Question:: If the second term of an arithmetic sequence is -2 and the fifth term is -17, find the seventh term.

Solution: The nth term a_n of an arithmetic sequence is given by the equation:; a_n = a₁ + (n - 1)d, in which d = a_n - a_n-1; a₂ = a₁ + (2 - 1)d = a₁ + d = -2 ... (1); a₅ = a₁ + (5 - 1)d = a₁ + 4d = -17 ... (2); (2) - (1) obtain 3d = -17 - (-2) = -17 + 2 = -15; d = -15/3 = -5 ... (3); from (3) and (1) obtain a₁ = -d - 2 = -(-5) - 2 = 5 - 2 = 3; Thus, a₇ = a₁ + (7 - 1)d = 3 + 6 × (-5) = 3 + (-30) = -27; Therefore, the seventh term is -27.

Question:: If the two terms of a geometric sequence are 3 and 9, respectively, which term of the sequence is equal to 729?

Solution: A sequence a₁, a₂, a₃,..., a_n,... is called a geometric sequence if each term is obtained by multiplying the preceding term by a fixed amount.; In general, a sequence of the form a₁, a₁r, a₁r²,...,a₁r^n-1,...for every positive integer n is a geometric sequence. The number r is called the common ratio, and the nth term a_n is given by a_n = a₁r^n-1; Since a₁ = 3 and a₂ = 9 , so the commom ratio r = a₂/a₁ = 3; a_n = a₁r^n-1 = 3 × 3^n-1 = 3^1+n-1 = 3ⁿ and 729 = 3⁶; Thus 3ⁿ = 3⁶ , so n = 6; Therefore, the 6th term of the sequence is 729.

Question:: Find the sum of the first 10 terms of arithmetic sequence whose first term is -3 and whose common difference is 5.

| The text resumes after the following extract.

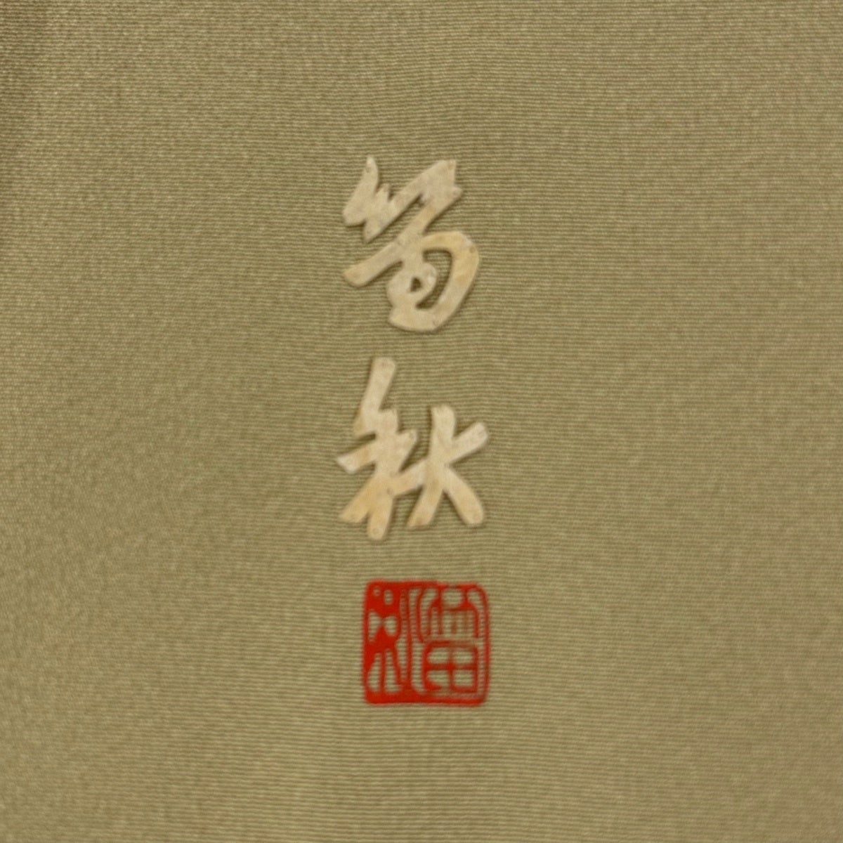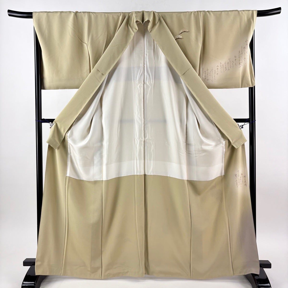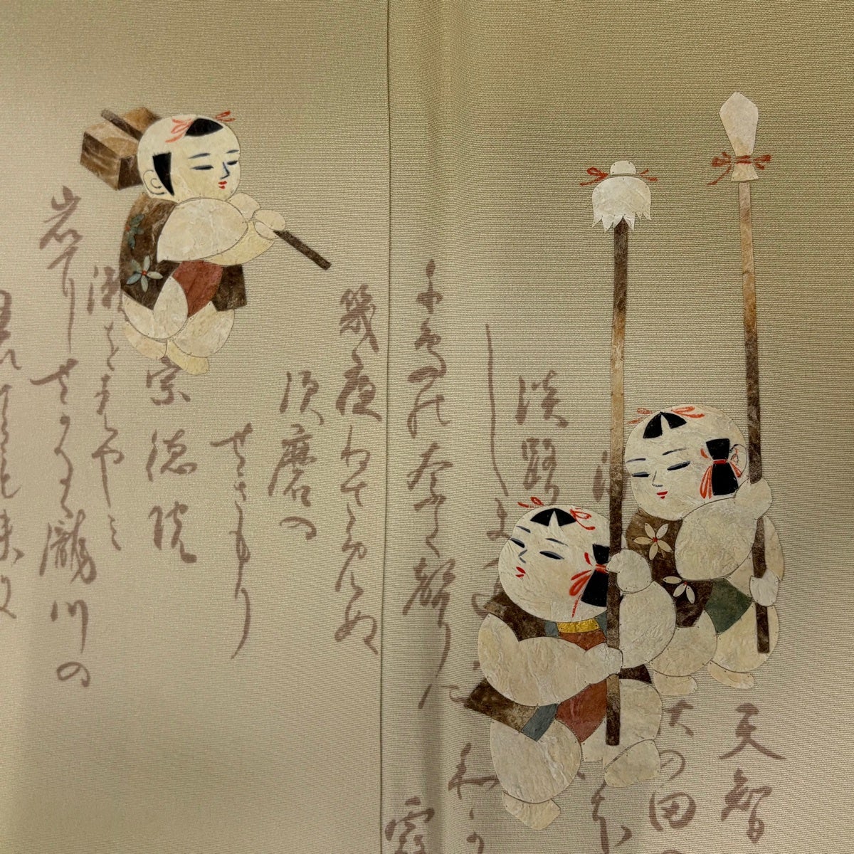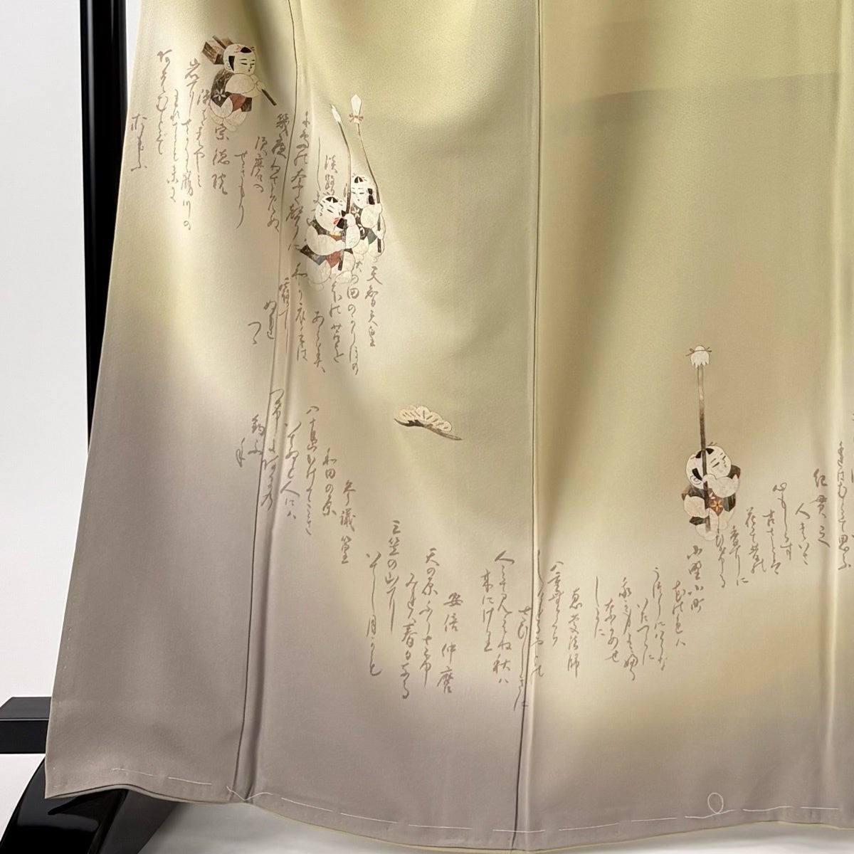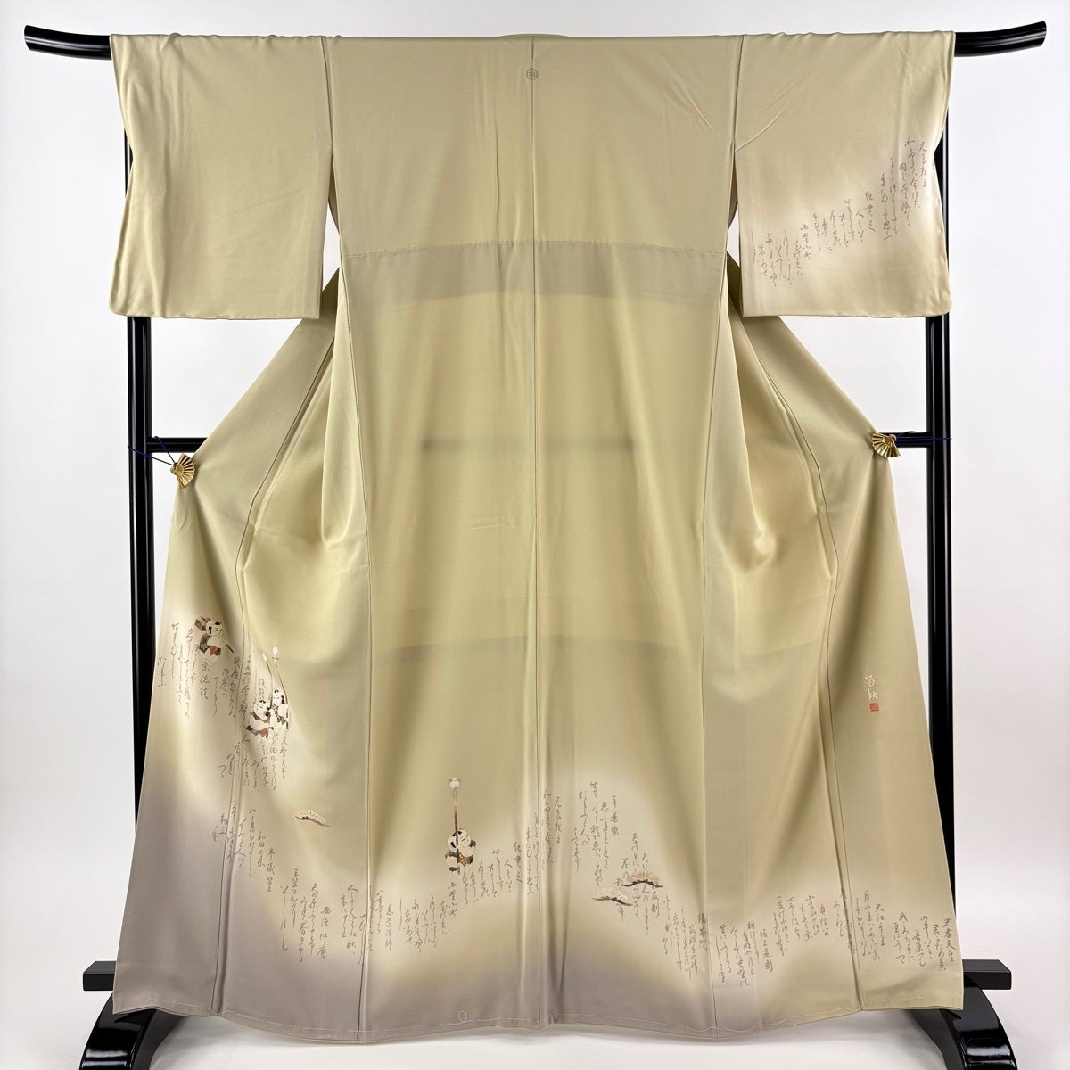 【美品】 付下げ 身丈165cm 裄丈68cm L 袷 田尾笛秋 落款あり 御所人形 文字 金彩 ぼかし ベージュ 正絹 秀品 一つ紋

Solution: The formula for the sum of the first n terms of an arithmetic sequence is; S_n = (a₁ + a_n)n/2; For the arithmetic sequence whose the nth term is; a_n = a₁ + (n - 1)d; a₁₀ = a₁ + (10 - 1)5 = -3 + 9 × 5 = -3 + 45 = 42; S_n = (a₁ + a_n)n/2 = ( -3 + 42 ) × 10/2 = 39 × 10/2 = 195; Therefore, the sum of the first 10 terms is 195.